Maybe it’s a bit premature, but since from 3.13 there’s the possibility to get rid of the GIL, and in the future, we hope, Python without the GIL will be more and more improved, I think it will be useful something like Java parallel streams.
Honestly, I’m not sure about the implementation. Python has map, filter, any, all, functools.reduce, all the itertools, etc. I think making a parallel version of all of them is a no-go. Maybe a parallel param, False by default?
But the real problem are the loops. We already have async for. Maybe Python can introduce also parallel for/while?
And what about asyncio? Does it will have the possibility to run multiple loops in different threads, like WebFlux? Maybe it’s already the way it works now, it’s years I don’t program at low level with asyncio.

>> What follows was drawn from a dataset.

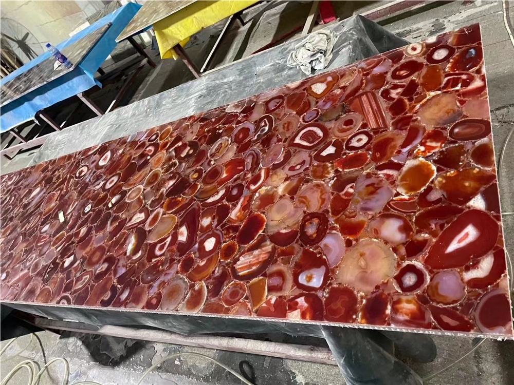 red agate backlit slabs:

It’s possible currently to do this, but the benefits of it are not present in every application currently. More applications may find this useful with free-threading; Without it, this is primarily useful currently to mix different kinds of event loops per-thread (such as a GUI event loop in the main thread, and an asyncio eventloop in another thread for networking tasks). There are also a few difficulties that aren’t solved in the standard library (though there is tooling available in library code outside of it) for various “normal” tasks with a pattern like this. A major example of this is that most of the asyncio objects only have a very limited notion of thread safety, and bind to event loops. It’s possible to have an async semaphore/lock/queue that is independent of event loop and safe to directly use from multiple, but these and other objects in the asyncio module bind to event loops and are not usable like this.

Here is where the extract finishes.